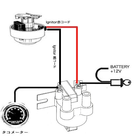 - 電気式タコメーターを使用する場合、IGNITORの黒コード(=コイルのマイナス端子)から取るのが普通ですが、電流検知式タコメーターの場合は配線が異なります。タコの針が踊ってしまうような場合には対策方法を当店までご相談下さい。又、スミス製の旧式のタコ等、古いタイプのタコメーターには作動しないものもあります。
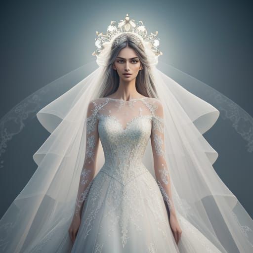 This digital painting features a supermodel in an ethereal wedding gown with intricate lace details. The image uses vibrant colors and dynamic lighting for a masterpiece quality.
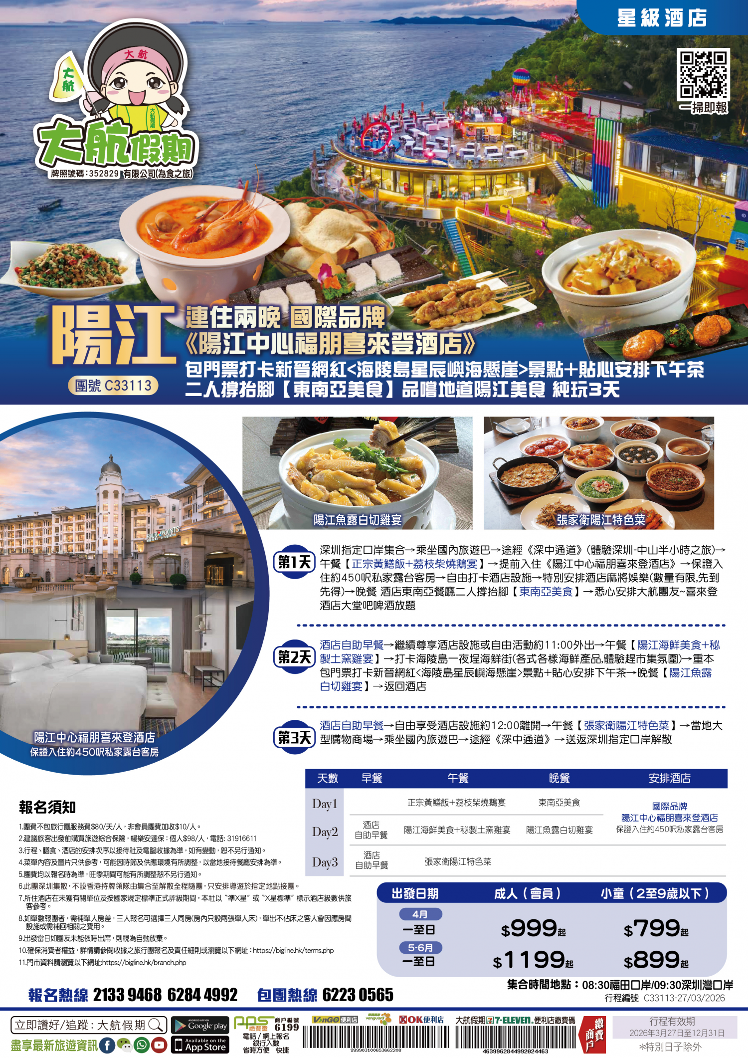 | 第2天 | 酒店自助早餐 | 陽江海鮮美食+秘製土窯雞宴 | 陽江魚露白切雞宴 | 陽江中心福朋喜來登酒店 |

Aim of the exercise: Give the listing again word for word, without its images.

Task solution:
 - 電気式タコメーターを使用する場合、IGNITORの黒コード(=コイルのマイナス端子)から取るのが普通ですが、電流検知式タコメーターの場合は配線が異なります。タコの針が踊ってしまうような場合には対策方法を当店までご相談下さい。又、スミス製の旧式のタコ等、古いタイプのタコメーターには作動しないものもあります。
 This digital painting features a supermodel in an ethereal wedding gown with intricate lace details. The image uses vibrant colors and dynamic lighting for a masterpiece quality.
 | 第2天 | 酒店自助早餐 | 陽江海鮮美食+秘製土窯雞宴 | 陽江魚露白切雞宴 | 陽江中心福朋喜來登酒店 |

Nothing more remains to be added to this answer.